Investors advised to sell the DAX and buy the FTSE 100

LONDON: The FTSE 100, the laggard among major European indexes in recent years, looks set to turn the corner and reward investors buying beaten-down financial and retail stocks in Britain.

Some banks are advising clients to pick the FTSE 100 over the DAX in Germany, citing more accommodating monetary policy from the Bank of England than from the European Central Bank, a long period of underperformance and a weaker sterling.

The FTSE 100 gained 64 percent from 2003 to 2007, while the CAC 40 in France rose 83 percent, and the DAX jumped 179 percent.

But so far this year, Britains benchmark index has lost 8 percent, outperforming 13 percent declines in both the CAC 40 and DAX.

“Even though the present U.K. consumer environment looks bleak, we think consumer stocks have priced in a lot of the issue already,” said Mislav Matejka, head of European strategy at JPMorgan, who favors British banks and retailers.

British banks have underperformed the wider British market since July 2003, and retailers have lagged since 2004, he said.

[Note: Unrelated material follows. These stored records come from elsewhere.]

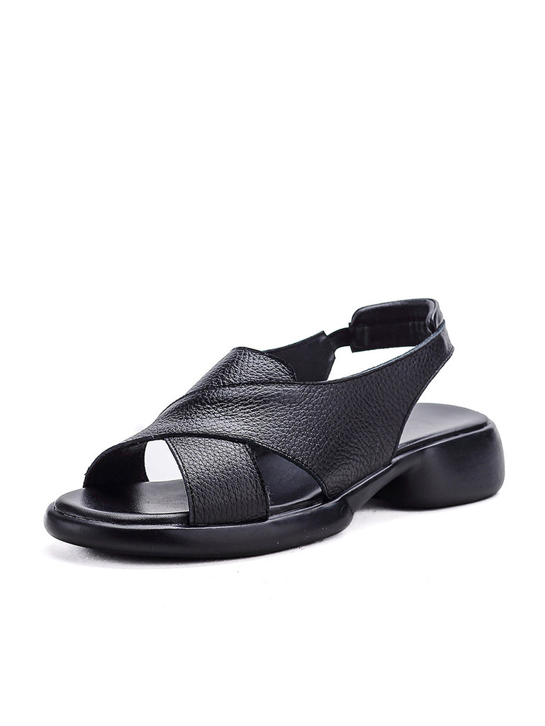סנדלי עור אמיתיים מזדמנים לנשים עם עקבים נמוכים בצורת צלב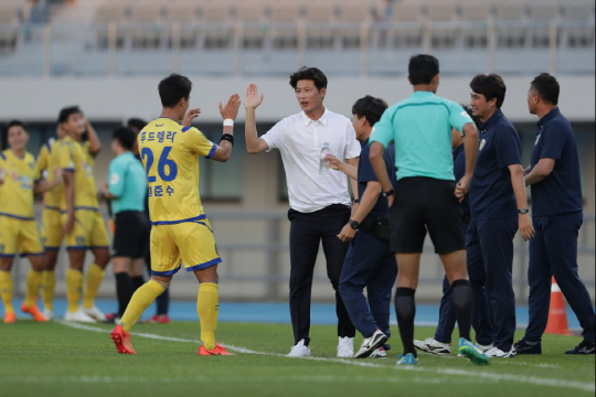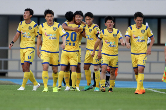 박동혁 감독의 아산 무궁화(경찰축구단)가 2018년 KEB하나은행 K리그2(2부) 중반 선두를 달리고 있다. 13경기(7승6무) 연속 무패행진을 달리며 9경기를 남겨둔 29일 현재 아산은 승점 47점으로 2위 성남FC(승점 46)에 승점 1점 앞서 있다. 3위 부산 아이파크(승점 40)와는 승점 7점차다. 지금과 같은 흐름과 경기력이라면 아산은 이번 시즌 K리그2 우승 또는 승격 플레이오프(PO)를 치를 가능성이 높다. 1위를 하면 2019시즌 1부 승격 자격을 얻고, 2~4위를 할 경우 승격 PO를 치르게 된다. 아산은 현재 주세종 황인범 같은 국가대표 미드필더들을 보유하고 있다.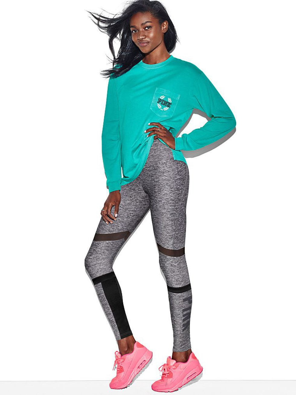 Please observe this Victoria's Secret model looking especially happy to be wearing leggings and a t-shirt. This is not how I felt after wearing these outfits for a (slightly) prolonged period.

“Its not going to be news for banks and retailers that the housing market is weakening and U.K. consumer balance sheets are stretched,” Matejka said. “Thats why these stocks have been underperforming, because they were expecting the weakness at some point to happen.”

Shares in British banks are currently valued at 7.17 times forward earnings forecasts, a substantial discount to the 11.81 multiple for 89 European banks, according to Reuters data. British retailers are valued at 15.59 times forward earnings, compared with 17 for their European counterparts.

Add the relative interest rate outlook over the next quarter, and that adds to the attraction of the FTSE 100, analysts said.

Lehman Brothers is “overweight” on British stocks “because domestically exposed sectors are attractively priced, and interest rate cuts in the first half of 2008 should act as a catalyst for performance,” said Ian Scott, the investment banks global equity strategist. He also likes European stocks with emerging market exposure.

Lehman has a year-end target for the FTSE 100 of 7,300, about 22 percent higher than its current level just below 6,000.

JPMorgan said British equities have historically performed better than their continental counterparts when interest rates fell.

A Reuters poll showed 62 out of 65 economists surveyed expected a further rate cut, from 5.25 percent, by the Bank of England by June. It cut rates by 25 basis points in December and again this month.

The European Central Bank, on the other hand, has held rates steady since the credit crisis blew up last August, keeping its focus on rising prices. Markets expect it to be much slower than its counterparts to lower borrowing costs this year.

Another investment management firm, Brewin Dolphin, was also looking for the right time to get into the British banking and retail sectors, its chief market strategist Mike Lenhoff said.

“When interest rates fall a little bit more in the U.S. and the U.K., we are going to start moving more towards some of the more interest rate sensitive areas, some of the more cyclical areas,” he said.

Morgan Stanley said a weaker sterling, which has fallen as much as 14 percent against the euro in the 12 months to January, also favored the FTSE 100.

“Large sterling corrections tend to be bullish for U.K. stocks relative to their global peers,” said Graham Secker of Morgan Stanley in a report this week. “Post an 8 percent drop in the pound in any six-month period,” he said, and “the MSCI UK index has outperformed the MSCI World index by an average 14 percent over the next 12 months.”

The broker recommended that investors buy the FTSE 100 and sell the DAX for profit in six to 12 months, noting that the German index was more cyclical in the wake of declining economic growth.

“The market may easily make a new low by falling 10 percent from the current point,” said Matejka at JPMorgan. “But in our view, the probability that the market goes up is actually higher now, as catalysts which suggest growth in the U.S. in the second half of the year might actually be stronger than what the market is afraid of right now.”